ʻOhana is Connection – Dr. Randy Kosaki, Chief Scientist NOAA

Perhaps it was the scuba diving lessons Dr. Randy Kosaki took in his youth that sparked his curiosity and awe for the ocean. Or maybe it was his adoptive parents, both university professors, who encouraged his passions and introduced him to science. Either way, Randy has always been drawn to the ocean, just like his long-lost, recently united half-sister Kimi Werner. “We both found our way to the ocean and made a lifelong passion out of it,” Randy says. “We love to dive and we want to dive, but mostly, we have to dive. It’s part of having salt in your veins and it’s such a part of our existence.” Today, Randy is the National Oceanic & Atmospheric Administration’s Deputy Superintendent of the Papahānaumokuākea Marine National Monument, specializing in research on coral reef fish ecology and coral ecosystems in the Northwest Hawaiian Islands. And just like Kimi, his connection to the ocean has led him to advocate for environment and marine conservation to protect the remaining wild places on there, as well as help communities better manage their precious marine resources. We caught up with him to talk fish, family, and, of course, diving.


Is it the fishing or the science that keeps you near the ocean?


Fishing is my first love. If I had to choose one, fisherman or scientist, I would have to say I’m a fisherman, but I don’t see the two as mutually exclusive at all. The best fishermen are good conservationists. They don’t overfish their fishing grounds, just as the best scientists are for marine conservation, but not in an effort to shut down fishing. They view these large marine protected areas as fishing enhancement tools.

And now you’re researching rare fish in Papahānaumokuākea Marine National Monument, one of those pristine marine environments in the world. How does that feel to reach this pinnacle in life?

It’s been so significant to be a part of the creation of the National Monument, to be a small part of creating one of the biggest marine protected areas in the world. It’s a legacy project in a professional and personal way.
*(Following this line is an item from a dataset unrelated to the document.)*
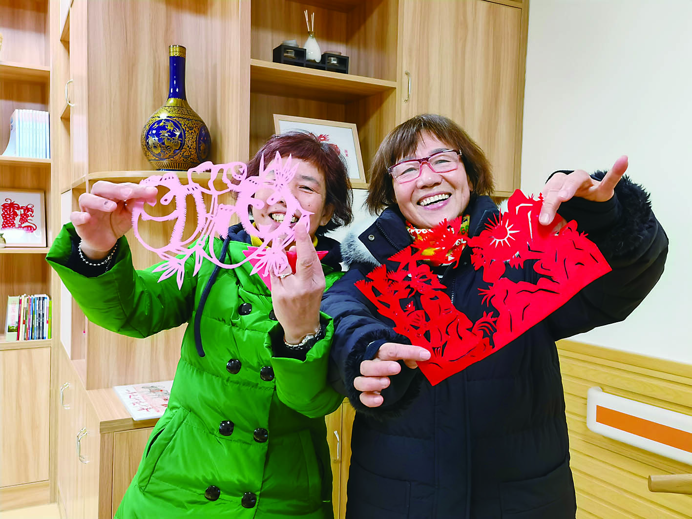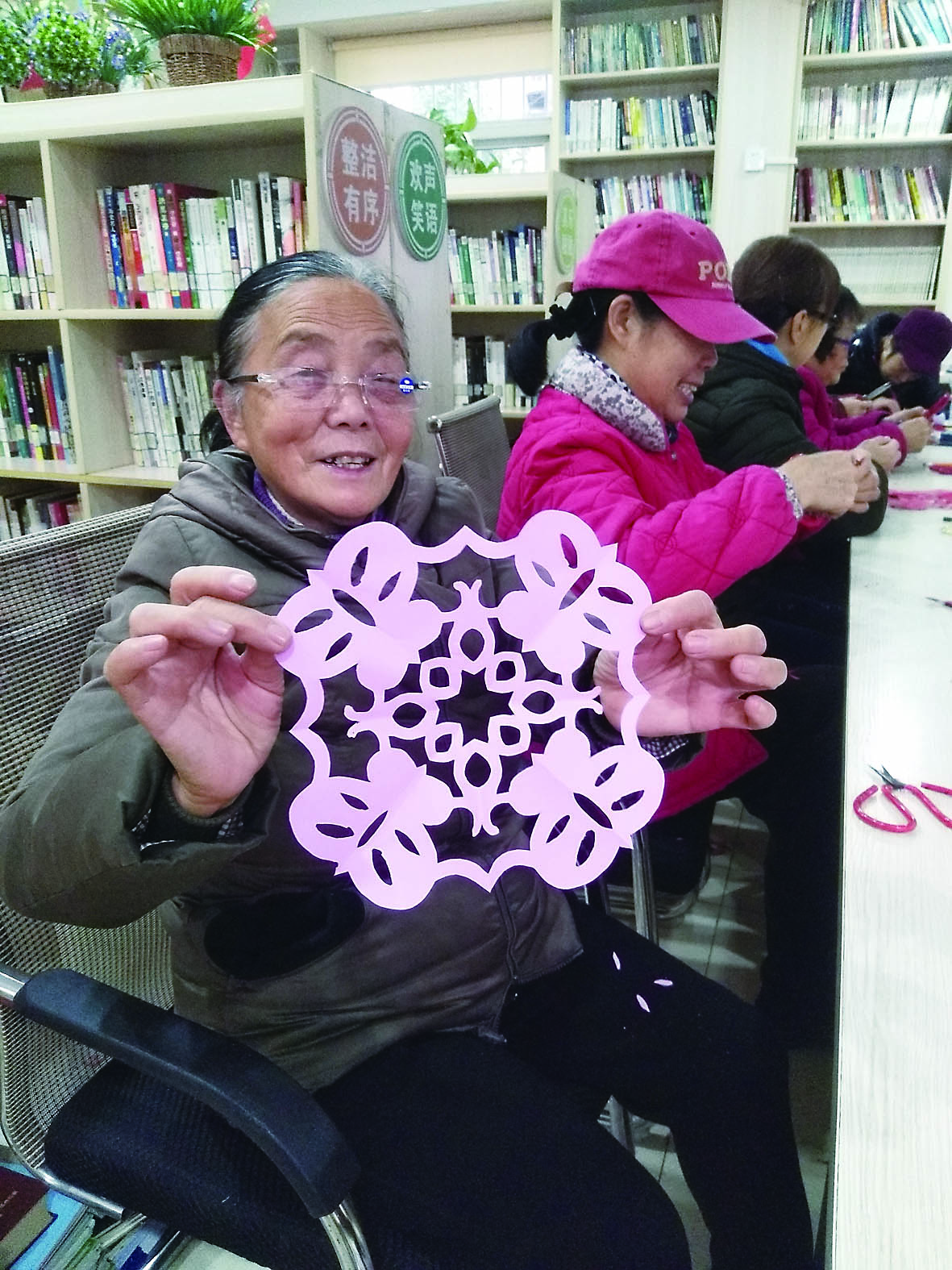1月12日早上8点,芦淞区社会福利中心,杨瑞琴(88岁)敲开了老姐妹王海凤(86岁)的门,“走啦,今天要上课了,不知道这次的剪纸课老师又给我们带来什么惊喜。”两个老姐妹互搀着去上学。

The more research we do, the more exploration we do, the more unique things we find that are only found in Hawai‘i or the Northwest Hawaiian Islands, and all of the science after the creation of the monument supports the initial action of creating it in the first place. We are diving deeper than most people ever get to go, so it’s not surprising that most of what we find is completely new to science. It’s exploration in the old school sense, and research, and cutting-edge science all rolled up into one.


What was it like finding out you had a half-sister, Kimi Werner, and meeting her for the first time?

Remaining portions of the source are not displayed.